EXERCISE AIM: Beginning with the line containing "另外在使用中,TrueDet" and ending with the line containing "本文关于服务贸易评论:2014年·第1辑的简介就讲解完毕,希望对大家有所帮助。", write out each line of the records below exactly; pictures and lines outside that range are left out.

DATA TO USE:
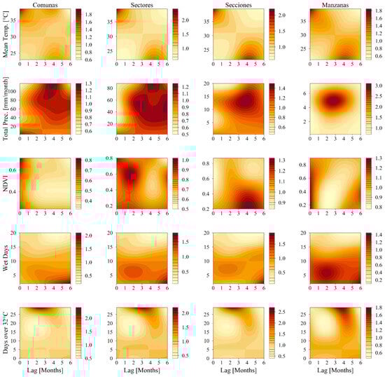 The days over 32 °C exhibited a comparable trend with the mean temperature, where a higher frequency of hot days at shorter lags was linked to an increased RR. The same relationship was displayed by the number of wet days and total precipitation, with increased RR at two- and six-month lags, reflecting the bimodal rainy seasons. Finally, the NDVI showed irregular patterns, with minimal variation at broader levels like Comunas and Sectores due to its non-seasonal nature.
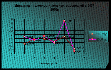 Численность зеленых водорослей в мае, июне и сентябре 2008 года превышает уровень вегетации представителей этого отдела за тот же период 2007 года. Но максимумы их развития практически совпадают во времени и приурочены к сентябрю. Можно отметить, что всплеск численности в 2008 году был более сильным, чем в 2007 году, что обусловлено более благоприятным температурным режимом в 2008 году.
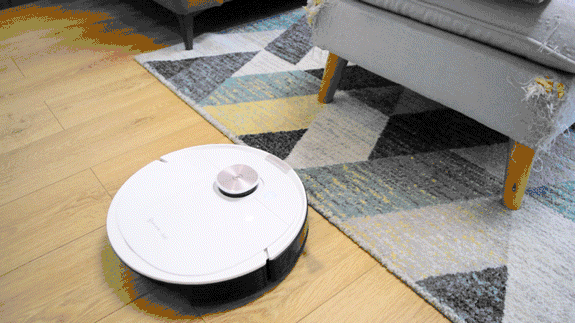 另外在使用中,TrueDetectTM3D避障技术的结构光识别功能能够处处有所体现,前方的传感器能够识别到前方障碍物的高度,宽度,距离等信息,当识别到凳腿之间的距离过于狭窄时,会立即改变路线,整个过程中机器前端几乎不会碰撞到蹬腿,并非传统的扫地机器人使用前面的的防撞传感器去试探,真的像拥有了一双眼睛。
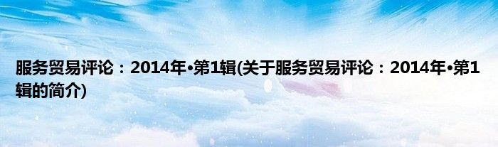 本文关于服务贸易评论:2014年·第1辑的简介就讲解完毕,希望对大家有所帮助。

---

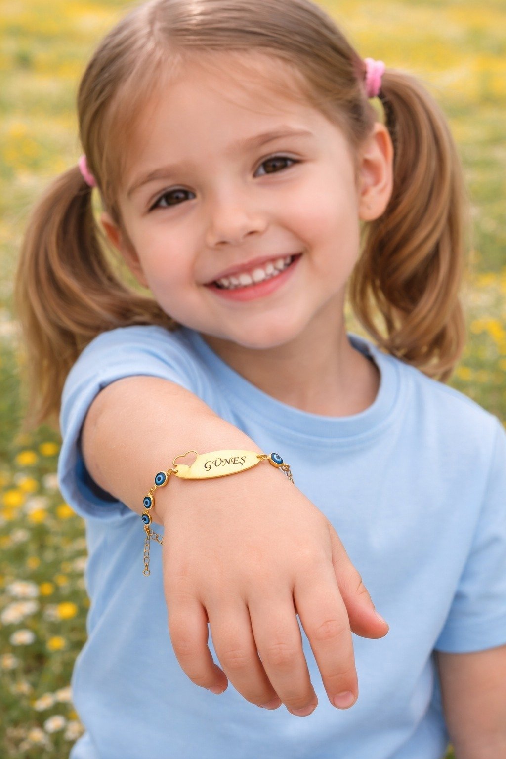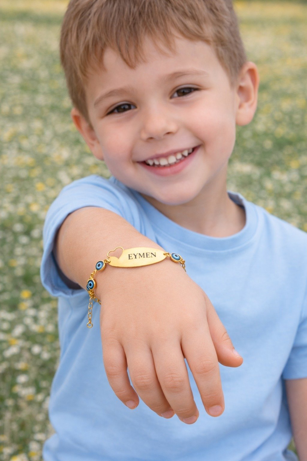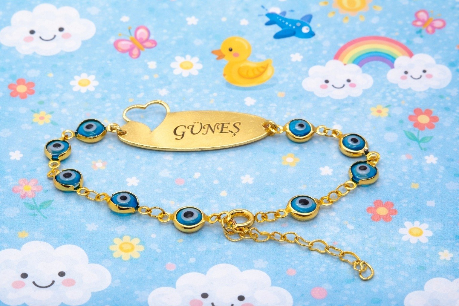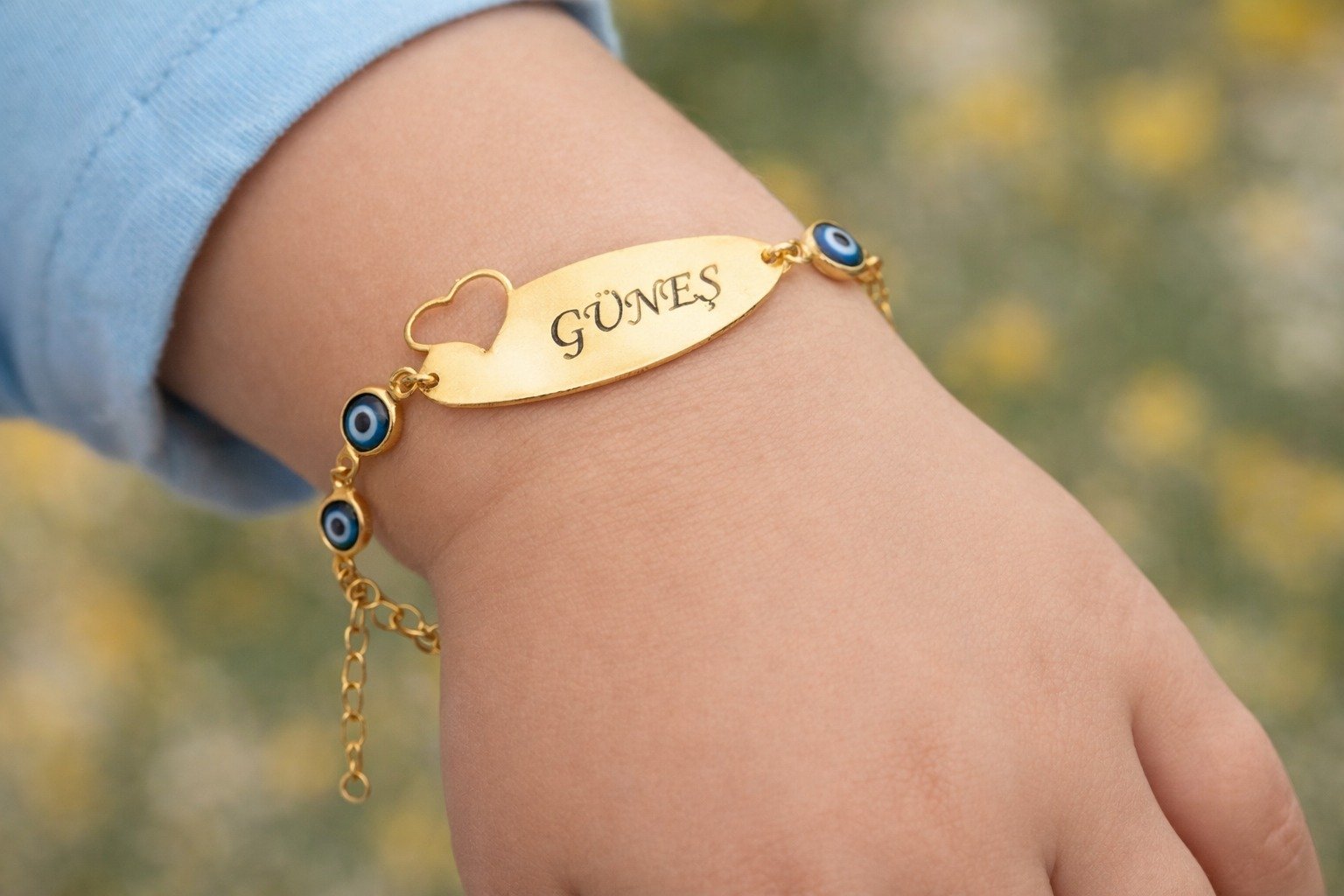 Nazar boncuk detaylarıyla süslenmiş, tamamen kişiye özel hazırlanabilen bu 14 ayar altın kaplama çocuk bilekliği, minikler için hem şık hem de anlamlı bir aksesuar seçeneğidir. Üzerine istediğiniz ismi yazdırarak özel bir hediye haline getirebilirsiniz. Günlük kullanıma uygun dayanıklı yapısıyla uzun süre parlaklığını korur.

EXERCISE OUTPUT:
 另外在使用中,TrueDetectTM3D避障技术的结构光识别功能能够处处有所体现,前方的传感器能够识别到前方障碍物的高度,宽度,距离等信息,当识别到凳腿之间的距离过于狭窄时,会立即改变路线,整个过程中机器前端几乎不会碰撞到蹬腿,并非传统的扫地机器人使用前面的的防撞传感器去试探,真的像拥有了一双眼睛。
 本文关于服务贸易评论:2014年·第1辑的简介就讲解完毕,希望对大家有所帮助。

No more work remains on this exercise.